If $a$ and $h$ be the length of the hypotenuse and altitude to the hypotenuse of the triangle respectively. Then which of the following option is correct ?
(Given that $n$ is an odd integer and $\alpha =\angle PAQ$)

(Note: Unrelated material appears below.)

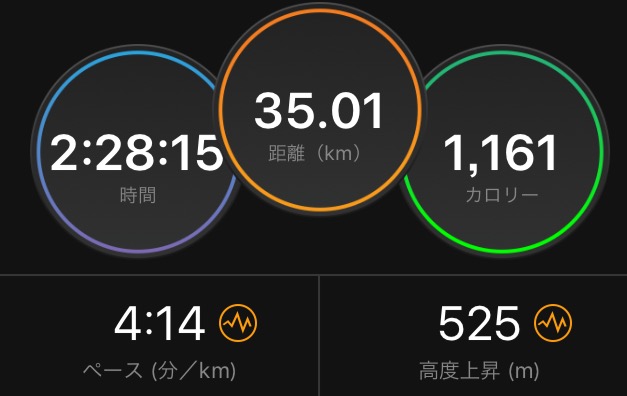 その後、4'20~30のペースをなんとか維持しながら、35km完走。

• A. $\tan \alpha =\frac{4nh}{(n^2-1)a}$
• B. $\tan \alpha =\frac{4an}{(n^2-1)h}$
• C. $\cot \alpha =\frac{4nh}{(n^2-1)a}$
• D. $\cot \alpha =\frac{4an}{(n^2-1)h}$

Answer 1

The correct option is A $\tan \alpha =\frac{4nh}{(n^2-1)a}$

Let coordinates be $A=(0,0)$, $B=(b,0)$, and $C=(0,c)$.


Then,
$P=\frac{n+1}{2}B+\frac{n-1}{2}C=(\frac{n+1}{2}b,\frac{n-1}{2}c)$ and
$Q=\frac{n-1}{2}B+\frac{n+1}{2}C=(\frac{n-1}{2}b,\frac{n+1}{2}c)$

So,
$\text{Slope of}PA=\tan \angle PAB=\frac{c}{b}\cdot \frac{n-1}{n+1}$
$\text{Slope of}QA=\tan \angle QAB=\frac{c}{b}\cdot \frac{n+1}{n-1}$

Now,
$\tan \alpha =\tan (\angle QAB-\angle PAB)=\frac{(\frac{c}{b}\cdot \frac{n+1}{n-1})-(\frac{c}{b}\cdot \frac{n-1}{n+1})}{1+(\frac{c}{b}\cdot \frac{n+1}{n-1})\cdot (\frac{c}{b}\cdot \frac{n-1}{n+1})}$
$=\frac{\frac{c}{b}\cdot \frac{4n}{n^2-1}}{1+\frac{c^2}{b^2}}$
$=\frac{4nbc}{(n^2-1)(b^2+c^2)}$
$=\frac{4nbc}{(n^2-1)a^2}$

Since, area of $△ABC=\frac{1}{2}bc=\frac{1}{2}ah$
$\Rightarrow bc=ah$
$\therefore \tan \alpha =\frac{4nh}{(n^2-1)a}$